**Aim of the exercise:**
Only the lines below starting at the one containing "- Le commutateur" and ending at the one containing "Dashboard Data Set |" belong in the answer, each copied exactly.

**Source data:**
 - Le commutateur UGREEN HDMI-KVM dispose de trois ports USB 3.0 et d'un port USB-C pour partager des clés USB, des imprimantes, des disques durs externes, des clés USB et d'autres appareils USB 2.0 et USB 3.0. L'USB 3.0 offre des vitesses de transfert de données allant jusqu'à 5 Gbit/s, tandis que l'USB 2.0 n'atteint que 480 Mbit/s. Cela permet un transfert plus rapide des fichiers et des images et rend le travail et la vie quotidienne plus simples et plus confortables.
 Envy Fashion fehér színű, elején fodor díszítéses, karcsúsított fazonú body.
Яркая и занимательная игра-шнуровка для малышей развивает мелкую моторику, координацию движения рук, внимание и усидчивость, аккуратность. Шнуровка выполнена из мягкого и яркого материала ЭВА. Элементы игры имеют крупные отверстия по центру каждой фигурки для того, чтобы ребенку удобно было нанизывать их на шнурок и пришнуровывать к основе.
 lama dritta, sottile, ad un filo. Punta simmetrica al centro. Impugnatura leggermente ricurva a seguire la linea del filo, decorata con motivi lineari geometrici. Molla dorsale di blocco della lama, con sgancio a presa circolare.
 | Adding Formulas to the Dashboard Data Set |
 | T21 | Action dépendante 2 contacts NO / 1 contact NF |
* * *
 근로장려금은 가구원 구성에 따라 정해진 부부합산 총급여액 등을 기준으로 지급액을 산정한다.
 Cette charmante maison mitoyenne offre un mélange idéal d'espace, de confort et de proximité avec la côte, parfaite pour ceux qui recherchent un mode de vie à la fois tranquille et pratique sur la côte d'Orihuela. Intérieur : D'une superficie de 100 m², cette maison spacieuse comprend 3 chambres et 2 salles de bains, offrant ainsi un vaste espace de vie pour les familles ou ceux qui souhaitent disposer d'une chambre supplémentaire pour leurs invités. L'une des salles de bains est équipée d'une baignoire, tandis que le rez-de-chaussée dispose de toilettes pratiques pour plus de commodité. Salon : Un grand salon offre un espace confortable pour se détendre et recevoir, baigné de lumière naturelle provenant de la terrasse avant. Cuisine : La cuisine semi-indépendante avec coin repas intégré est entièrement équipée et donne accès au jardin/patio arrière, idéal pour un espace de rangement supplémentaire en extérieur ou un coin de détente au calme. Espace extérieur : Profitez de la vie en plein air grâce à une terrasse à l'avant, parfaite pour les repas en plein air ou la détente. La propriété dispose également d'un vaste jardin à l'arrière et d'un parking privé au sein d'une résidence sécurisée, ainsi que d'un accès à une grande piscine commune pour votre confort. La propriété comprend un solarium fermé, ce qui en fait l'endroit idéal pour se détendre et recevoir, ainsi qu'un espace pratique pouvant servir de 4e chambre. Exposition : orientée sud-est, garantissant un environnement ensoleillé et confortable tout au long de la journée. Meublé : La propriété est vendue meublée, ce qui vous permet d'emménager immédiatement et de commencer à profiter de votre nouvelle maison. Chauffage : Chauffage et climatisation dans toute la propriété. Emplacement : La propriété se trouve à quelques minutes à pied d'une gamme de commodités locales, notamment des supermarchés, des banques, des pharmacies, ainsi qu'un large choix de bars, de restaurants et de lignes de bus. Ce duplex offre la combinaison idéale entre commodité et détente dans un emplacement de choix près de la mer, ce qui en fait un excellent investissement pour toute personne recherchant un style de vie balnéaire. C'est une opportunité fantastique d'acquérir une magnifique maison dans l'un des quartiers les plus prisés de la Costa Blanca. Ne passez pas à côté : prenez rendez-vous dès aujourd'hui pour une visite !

**Written response:**
 - Le commutateur UGREEN HDMI-KVM dispose de trois ports USB 3.0 et d'un port USB-C pour partager des clés USB, des imprimantes, des disques durs externes, des clés USB et d'autres appareils USB 2.0 et USB 3.0. L'USB 3.0 offre des vitesses de transfert de données allant jusqu'à 5 Gbit/s, tandis que l'USB 2.0 n'atteint que 480 Mbit/s. Cela permet un transfert plus rapide des fichiers et des images et rend le travail et la vie quotidienne plus simples et plus confortables.
 Envy Fashion fehér színű, elején fodor díszítéses, karcsúsított fazonú body.
Яркая и занимательная игра-шнуровка для малышей развивает мелкую моторику, координацию движения рук, внимание и усидчивость, аккуратность. Шнуровка выполнена из мягкого и яркого материала ЭВА. Элементы игры имеют крупные отверстия по центру каждой фигурки для того, чтобы ребенку удобно было нанизывать их на шнурок и пришнуровывать к основе.
 lama dritta, sottile, ad un filo. Punta simmetrica al centro. Impugnatura leggermente ricurva a seguire la linea del filo, decorata con motivi lineari geometrici. Molla dorsale di blocco della lama, con sgancio a presa circolare.
 | Adding Formulas to the Dashboard Data Set |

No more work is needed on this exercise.